WORK REQUEST: Retype the following data exactly, but leave its pictures out.

== INFORMATION SHOWN

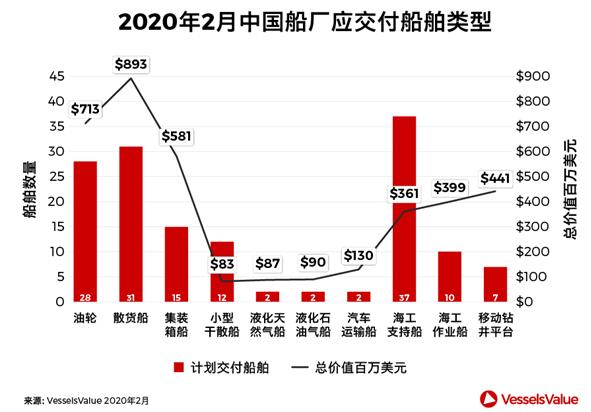 根据VesselsValue的数据,中国船厂原计划在本月须交付价值34亿美元(不包括OSV)的新造船。
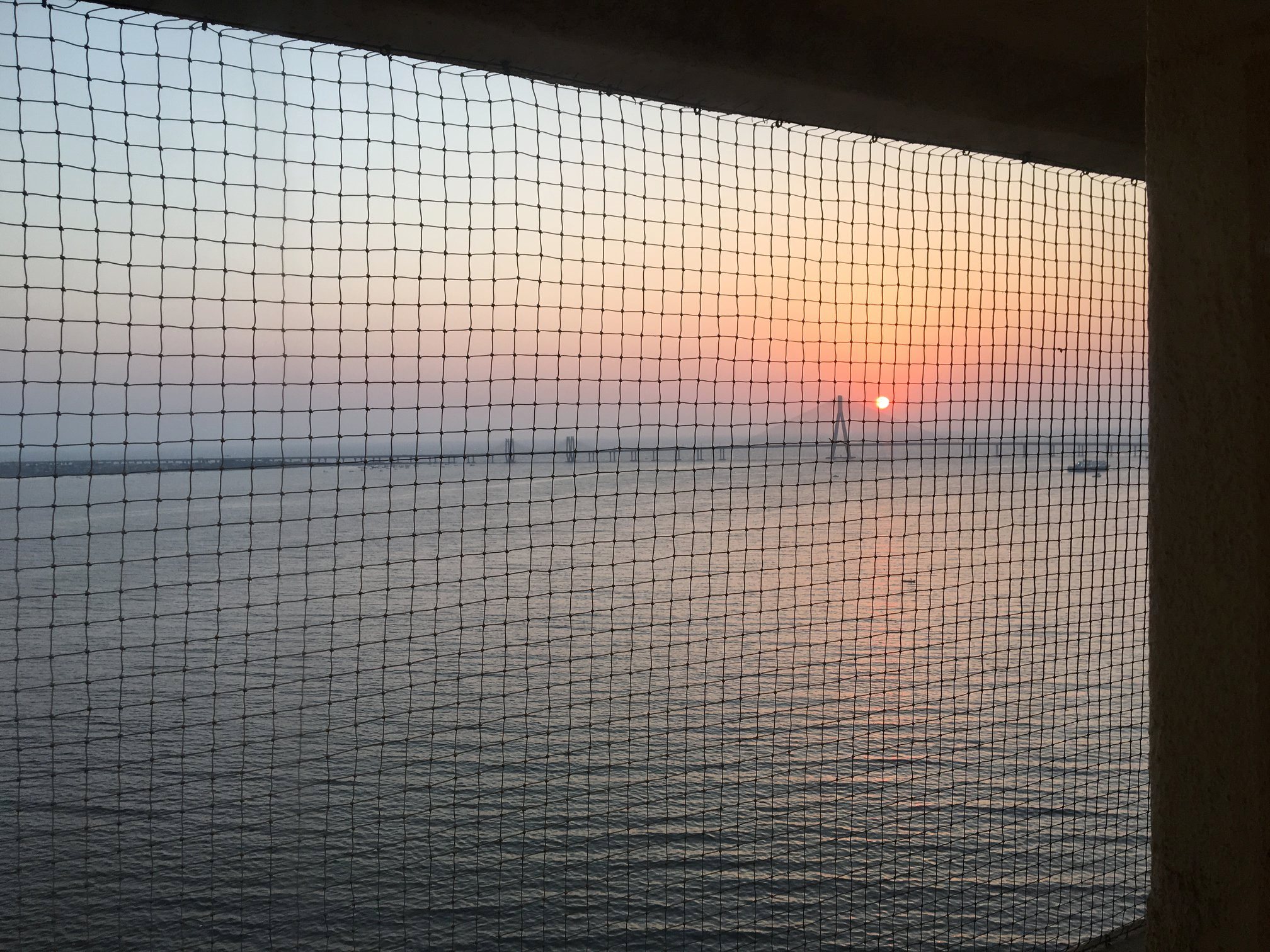 8th April-View of the sunset on day 1 from the hospital room. The net is to prevent birds from sitting on the parapet.
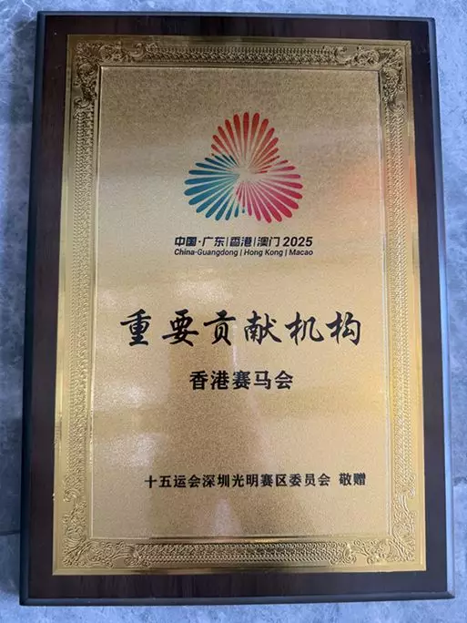 香港賽馬會獲十五運會深圳市光明賽區委員會頒發「重要貢獻機構」榮譽,以表彰其對十五運會馬術賽事成功舉辦的大力支持。
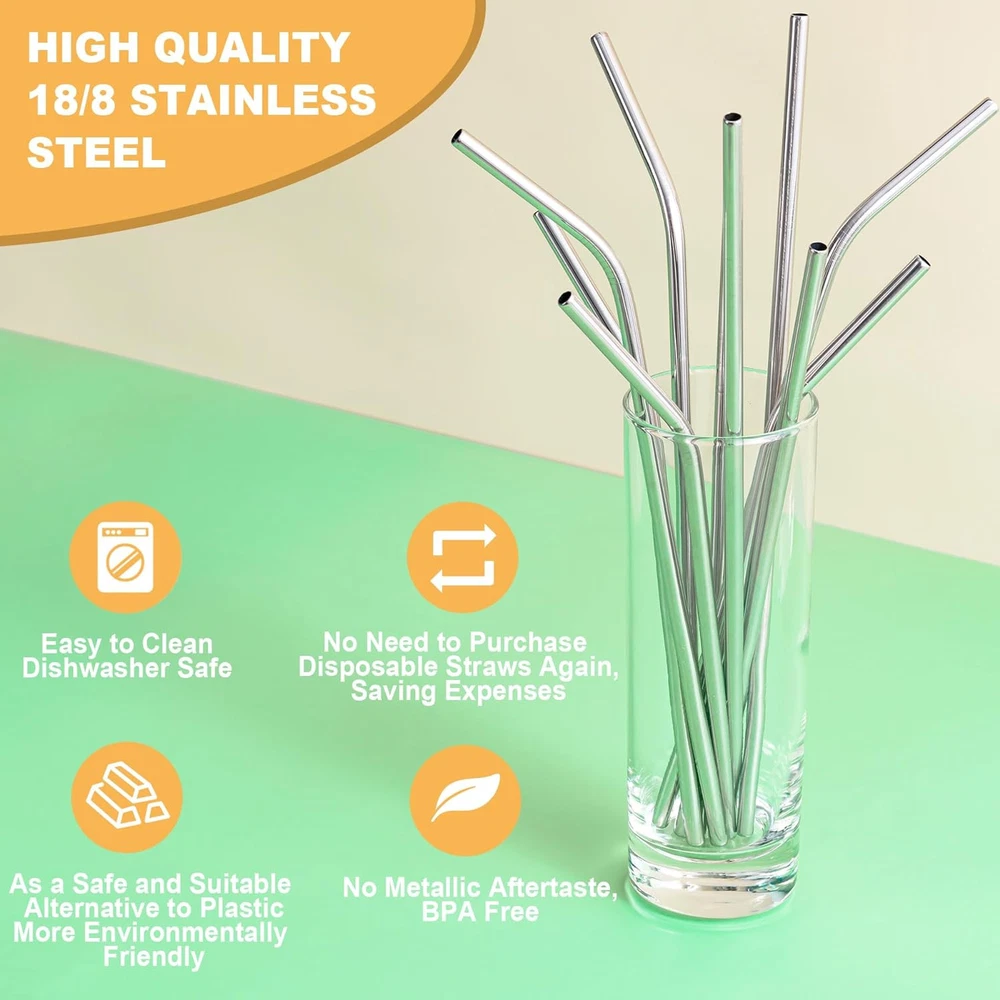 Reusable Stainless Steel Straws -16 Pack 10.5" & 8.5" 16 Piece Set, Silver Product Details Material: Stainless Steel Color: Silver Size: 16 Piece Set Special Feature: Reusable Brand: Hoewina Unit Count: 16.0 Count Number of Items: 16 Manufacturer: Hoewina Product Dimensions: 11.3 x 3.4 x 0.7 inches Item Weight: 6.9 ounces Country of Origin: China Item model number: XG-16-Silver 18/8 Food Grade Stainless Steel: Our reusable metal straws are made of high-quality stainless steel, ensuring durability and longevity. Say goodbye to flimsy plastic straws! Safe and Hygienic: The set includes 4 PCS straw cleaner brush extra long, perfect for the length of the metal straw. The stainless steel construction of these reusable straw makes them easy to clean. Enjoy your drinks worry-free! Eco-Friendly Choice: A stainless steel straw can be used for several years, replacing hundreds of plastic straws. By choosing our straws reusable stainless steel, you contribute to reducing plastic waste and protecting the environment. Make a positive impact with every sip! Versatile and Practical: Our smoothie straws with silicone tip 16PCS, BPA-Free. And the surface of the steel straws drinking reusable is well polished, very smooth, and they will not accidentally cut your lips or gums. Making them perfect for beverages, lemonade, juice, cocktail, coffee, ice tea, cappuccino - hot or cold. Also suitable for family party, hiking, office, trips and outdoor picnics use. Sip comfortably and stylishly! Convenient and Portable: These stainless steel straws are long enough to fit most cups, glasses, and bottles. 10.5 "4 straight drinking straws and 4 bent straws for 40 oz tumbler. 8.5 "4 straight straws and 4 bent straws suitable for 20oz cups. They come with a compact carrying case, ideal for travel and on-the-go use.

====

EXPECTED ANSWER:
 根据VesselsValue的数据,中国船厂原计划在本月须交付价值34亿美元(不包括OSV)的新造船。
 8th April-View of the sunset on day 1 from the hospital room. The net is to prevent birds from sitting on the parapet.
 香港賽馬會獲十五運會深圳市光明賽區委員會頒發「重要貢獻機構」榮譽,以表彰其對十五運會馬術賽事成功舉辦的大力支持。
 Reusable Stainless Steel Straws -16 Pack 10.5" & 8.5" 16 Piece Set, Silver Product Details Material: Stainless Steel Color: Silver Size: 16 Piece Set Special Feature: Reusable Brand: Hoewina Unit Count: 16.0 Count Number of Items: 16 Manufacturer: Hoewina Product Dimensions: 11.3 x 3.4 x 0.7 inches Item Weight: 6.9 ounces Country of Origin: China Item model number: XG-16-Silver 18/8 Food Grade Stainless Steel: Our reusable metal straws are made of high-quality stainless steel, ensuring durability and longevity. Say goodbye to flimsy plastic straws! Safe and Hygienic: The set includes 4 PCS straw cleaner brush extra long, perfect for the length of the metal straw. The stainless steel construction of these reusable straw makes them easy to clean. Enjoy your drinks worry-free! Eco-Friendly Choice: A stainless steel straw can be used for several years, replacing hundreds of plastic straws. By choosing our straws reusable stainless steel, you contribute to reducing plastic waste and protecting the environment. Make a positive impact with every sip! Versatile and Practical: Our smoothie straws with silicone tip 16PCS, BPA-Free. And the surface of the steel straws drinking reusable is well polished, very smooth, and they will not accidentally cut your lips or gums. Making them perfect for beverages, lemonade, juice, cocktail, coffee, ice tea, cappuccino - hot or cold. Also suitable for family party, hiking, office, trips and outdoor picnics use. Sip comfortably and stylishly! Convenient and Portable: These stainless steel straws are long enough to fit most cups, glasses, and bottles. 10.5 "4 straight drinking straws and 4 bent straws for 40 oz tumbler. 8.5 "4 straight straws and 4 bent straws suitable for 20oz cups. They come with a compact carrying case, ideal for travel and on-the-go use.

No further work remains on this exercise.